K A Athanasiou et al. Ann Biomed Eng. 1995 Sep-Oct.

Abstract

The material properties of normal cadaveric human cartilage in the ankle mortice (tibiotalar articulation) were evaluated to determine a possible etiologic mechanism of cartilage injury of the ankle when an obvious traumatic episode is not present. Using an automated indentation apparatus and the biphasic creep indentation methodology, creep indentation experiments were performed in five sites in the distal tibia, one site in the distal fibula, and eight sites in the proximal talus of 14 human ankles (seven pairs). Results showed significant differences in the mechanical properties of specific human ankle cartilage regions. Topographically, tibial cartilage is stiffer (1.19 MPa) than talar cartilage (1.06 MPa). Cartilage in the anterior medial portion of the tibia has the largest aggregate modulus (HA = 1.34 MPa), whereas the softest tissue was found to be in the posterior lateral (0.92 MPa) and the posterior medial (0.92 MPa) regions of the talus. The posterior lateral ridge of the talus was the thickest (1.45 mm) and the distal fibula was the thinnest (0.95 mm) articular cartilage.
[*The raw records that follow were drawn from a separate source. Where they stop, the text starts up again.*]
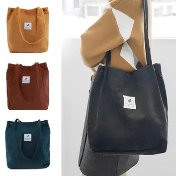 여성용 코듀로이 숄더백, 다목적 핸드백 단색 에코 쇼핑백, 재사용 가능한 토트백, 신상 코튼 천, 2023
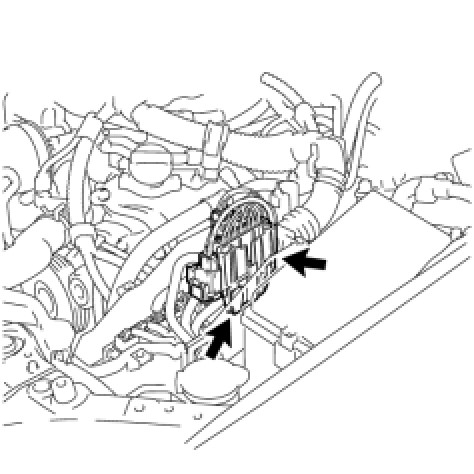 - Install the ECM on the ECM box with the label facing away from the engine.
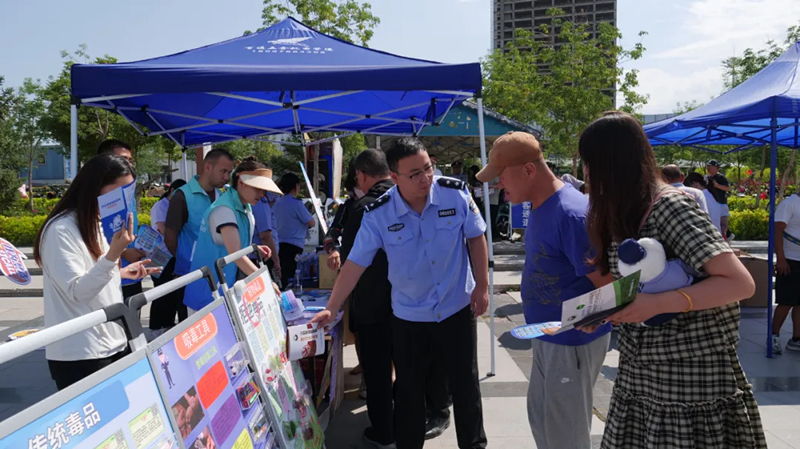 “看着像可乐罐的电子烟,五颜六色的跳跳糖、奶茶,这些看似常见的零食饮料,可能是伪装的新型毒品……”6月25日,霍尔果斯市公安局禁毒办以“健康人生,绿色无毒”为主题,联合10余家成员单位在联检楼广场开展“6·26”国际禁毒日宣传活动,以法治之力织密防毒网络,营造全民禁毒的浓厚氛围。
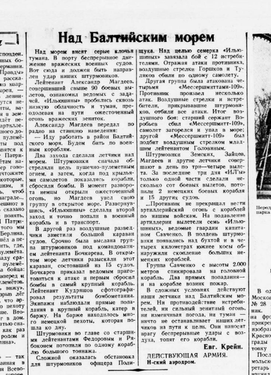 Над морем висят серые клочья тумана. В порту беспрерывное движение вражеских военных судов. Вот сюда и должен быть направлен удар наших штурмовиков. Лейтенант Александр Магдеев, совершивший свыше 90 боевых вылетов, ознакомил ведомых с задачей. «Ильюшины» пробились сквозь низкую облачность и туман, преодолевая на пути ожесточенный огонь вражеских зениток. Александр Магдеев передал по радио на станцию наведения: — Иду работать в район Балтийского моря. Будем бить по военным кораблям. Два захода сделали летчики над морем. Штурмовики сначала обстреляли цель пушечно-пулеметным огнем, а затем, когда под крыльями самолетов показались корабли, сбросили бомбы. В момент разворота немцы открыли ожесточенный огонь, но Магдеев увел свою группу в открытое море. Развернувшись, «Ильюшины» сделали второй заход и точно попали в военный корабль и в транспорт. В другой раз воздушные разведчики заметили большой караван судов. Срочно была выслана группа штурмовиков под командованием лейтенанта Бочкарева. В
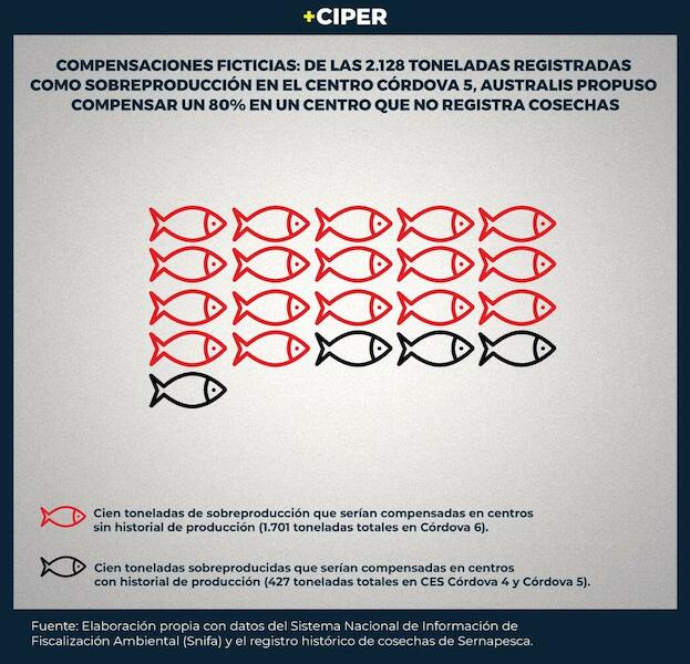 En 2022, Australis se autodenunció por sobreproducción de 81 mil toneladas de salmónidos. CIPER tuvo acceso a un correo interno de la empresa donde se asegura que, antes de la autodenuncia, el entonces superintendente de Medio Ambiente subrogante, Emanuel Ibarra, llegó a un acuerdo con la salmonera: que compensara la sobreproducción bajando el tonelaje en centros de cultivo que, aunque contaban con permisos para funcionar, no registraban historial de producción.
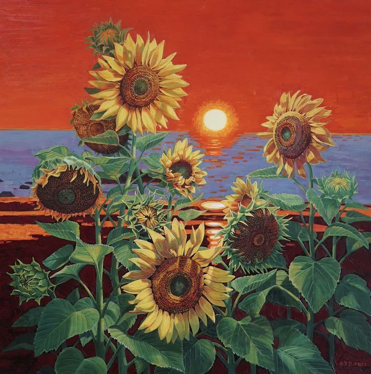 In the creation of this piece of work, the artist uses realistic techniques to express a large area of red and gray to express the dawn of the day, the sun rises, and the sea level. Sunflowers absorb energy when the sun shines on them. Sunflowers are like a family appointment to watch the sunrise together. When the sun hits the face, people feel a faint warmth. At the same time, sunflowers also represent vitality and health, positive, and the pursuit of a bright life.
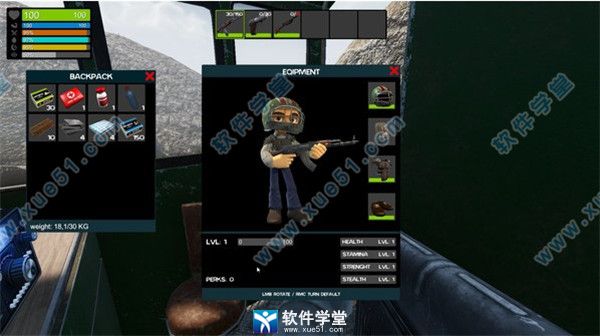 最初主角身上可谓是“身无分文”,没有任何武器弹药、医疗物资和食物的储备。因此玩家需要不断地搜刮建筑物内,例如衣柜、抽屉以及储物柜中的各种物资以维持生计。本作的物品种类可谓格外丰富,光是食物就有小到罐头矿泉水,大到汉堡功能饮料,医疗物资更不用说,有提供短暂回血的绷带还有直接回满血的药物。此外本作支持一键拾取功能,方便玩家在危急时刻“拿完直接走为上策”。不过每个物品都有各自的负重值,负重超过主角可承受的最大限度则无法携带新的物品,负重值可以通过装备背包或者升级来提升。
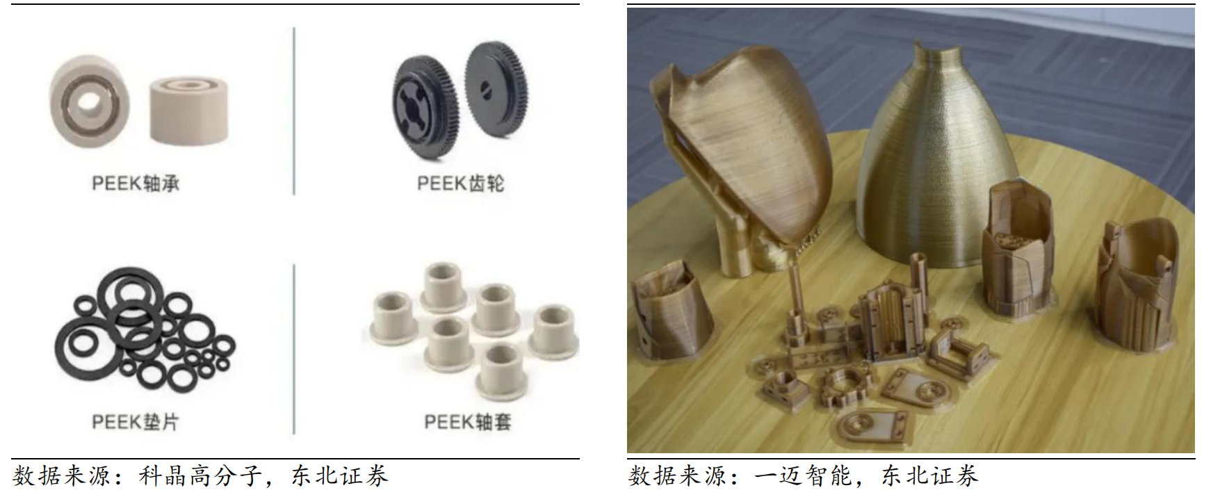 图表7:PEEK在汽车零件上的应用样品图(左)3D打印PEEK材料机器人部件样品图(右)
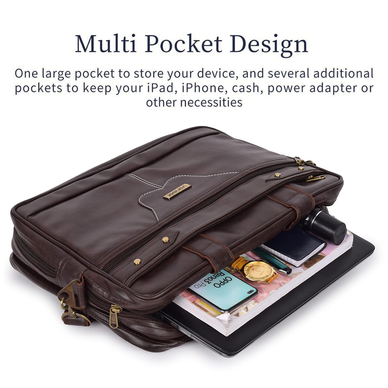 Veneer Men’s 15.6 Inch Waterproof Synthetic Leather Computer Laptop Messenger Bag Briefcase Satchel Shoulder Bag (Brown, Large)
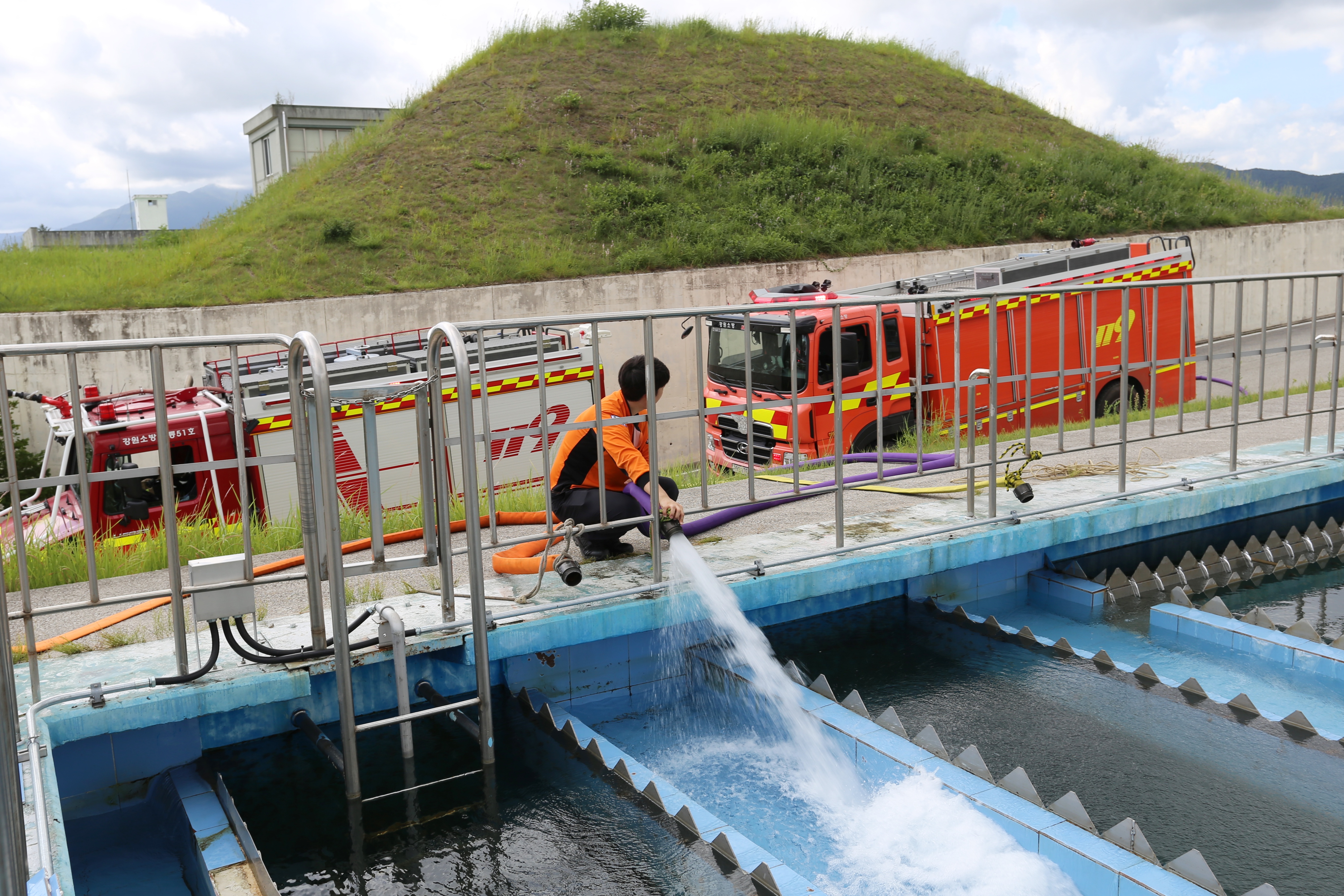 강릉소방서는 가뭄 장기화로 오봉저수지 상수원 공급 차질에 따라 강릉시민 생활용수 부족 문제를 해소하기 위해 영동지역(동해, 삼척, 양양, 속초, 고성, 평창) 소방차량을 활용하여 생활용수를 지원하고 있습니다.
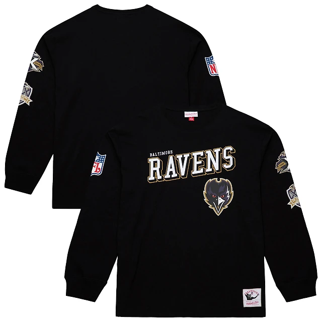 Men's Mitchell & Ness Black Baltimore Ravens Training Camp Vintage Logos Long Sleeve T-Shirt
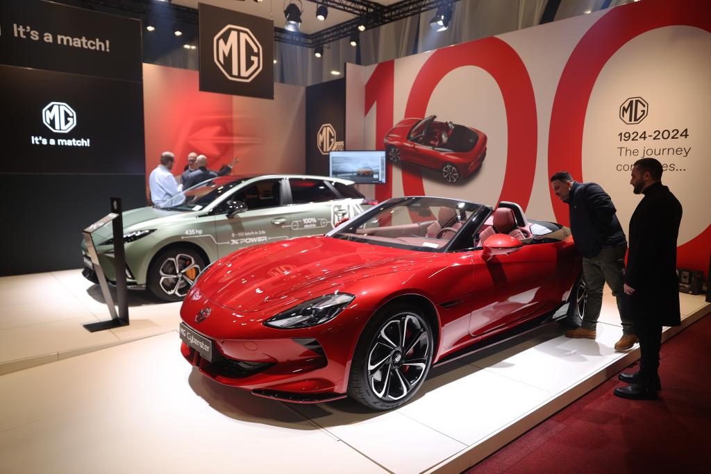 1月17日,人們在比利時(shí)布魯塞爾舉辦的2024布魯塞爾汽車展上參觀上汽名爵電動(dòng)汽車。新華社記者趙丁喆攝
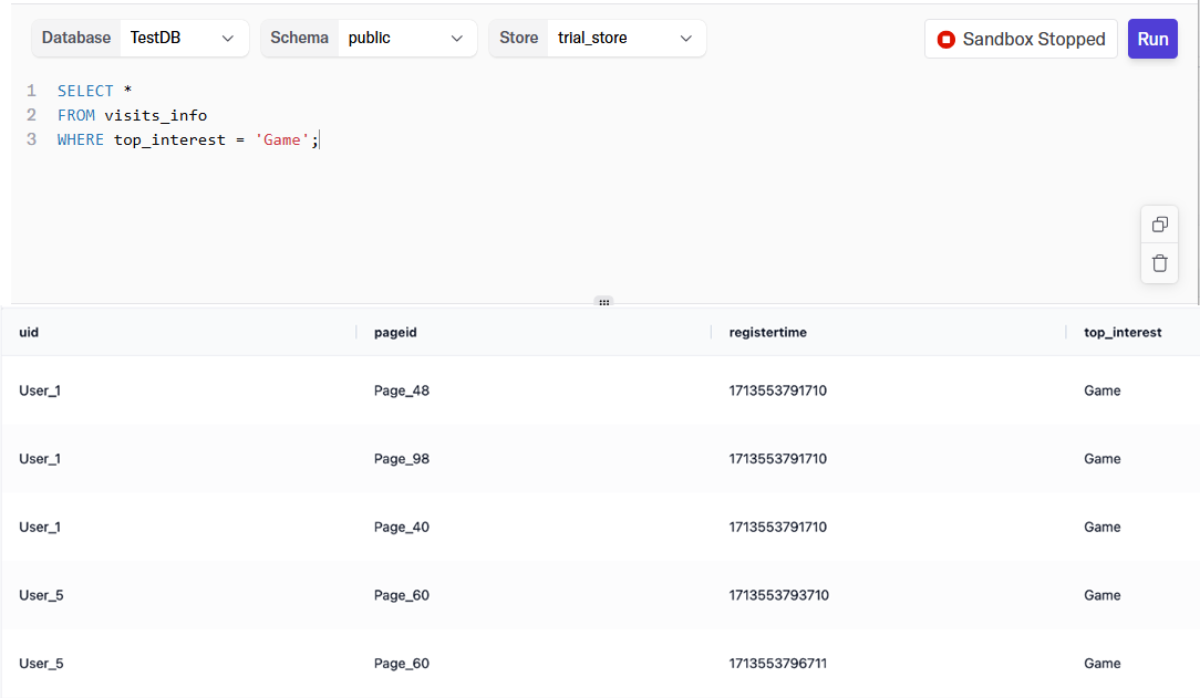 For example, the below query finds info on pages visited by users whose top interest is gaming.
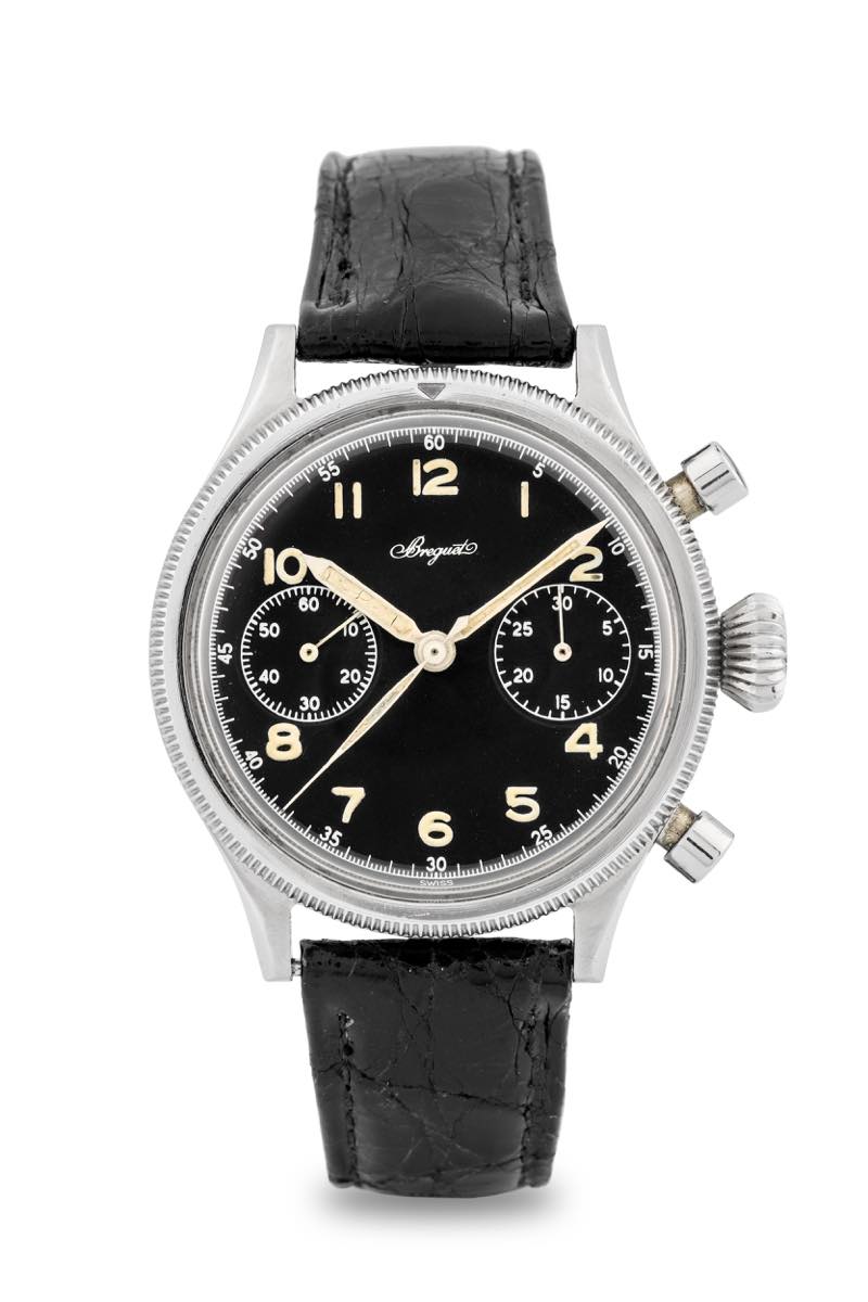 § BREGUET Type 20, 5101/54 "Armèe de l'Air” orologio militare. Seriale 8186. Movimento Ronda 222 a carica manuale. Cassa in acciaio con diametro da 39 mm. Dial nero con grandi numeri arabi al trizio. Funzione cronografo a 2 contatori con secondi al 9. Tasti per settaggio e azionamento del cronografo a pompa. Lunetta girevole bidirezionale. Bracciale in pelle con fibbia ad ardiglione anonima in acciaio. Fondello in acciaio a vite. Vetro plexiglas. 1950 ca. Orologio in discrete condizioni generali. Al momento della catalogazione l’orologio risulta essere funzionante ma il movimento non è stato testato per la precisione del tempo.
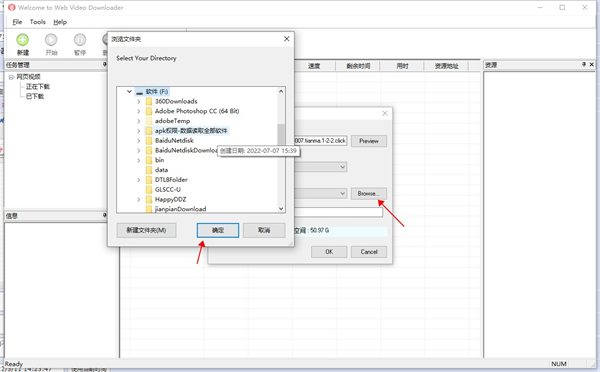 5、最后一步我们选择好储存地址之后,在Save as输入框中输入文件保存的名称之后,点击OK按钮就可以开始下载网页视频了。

The largest Poisson's ratio was found in the distal fibula (0.08). The lowest and highest permeability were found in the anterior lateral regions of the astragalus (0.80 x 10(-15) m4N-1sec-1) and the posterior medial region of the tibia (1.79 x 10(-15) m4N-1sec-1), respectively. The anterior and posterior regions of the lateral and medial sites of the tibia were found to be 18-37% stiffer than the anatomically corresponding sites in the talus. The biomechanical results may explain clinically observed talar dome osteochondral lesions when no obvious traumatic event is present. Cartilage lesions in a repetitive overuse process in the ankle joint may be related to a disparity of mechanical properties between the articulating surfaces of the tibial and talar regions.